Abstract:
Conventional computer vision applications are highly dependent on handcrafted features for classification and object detection problems. The recent
development in the domain of deep learning has solved many complex problems with automatic features selection. However, deep learning algorithms
are data-hungry and require a large amount of labeled data for training.
Due to huge variations in the types and layouts of tables, table detection
and structure extraction from document images has been remained an inter esting topic for many researchers for the past many decades but until today,
there is no reliable solution available that can fit all layouts and types. In this
paper, we present a heuristics-based approach that utilizes positional features
to extract structure and information from invoice document images. Due to
the nature of the problem, which includes table detection, table structure
recognition, and information extraction, currently, there is no single deep
learning model that detects, recognizes and extracts information from tables
end to end. Also, there is no large labeled data set available for invoice
images that can be utilized for the training of deep learning models.

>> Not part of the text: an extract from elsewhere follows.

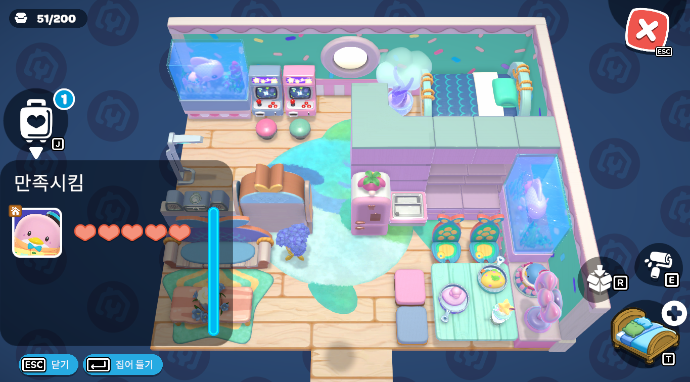 조건 달성만으로 힘든데 이 못생긴 태그로 하트 다섯개 챙기긴 다음 생에나 성공할듯... 완벽한 은닉법을 찾던가 레츠코 케이크를 중심으로 하늘색템을 놓을만한 환경이 갖춰지면

Due
to this complexity, we propose that by building a heuristics and rules-based
approach by thorough data analysis coupled with positional features of the
word bounding boxes generated by OCR will create a foundation for reliable table structured recognition and information extraction. We proposed
a single pipeline instead of three which includes image prepossessing, word
bounding box extraction using OCR, table structure recognition, and information extraction. Table structure recognition and information extraction
are coupled to extract reliable information from invoices.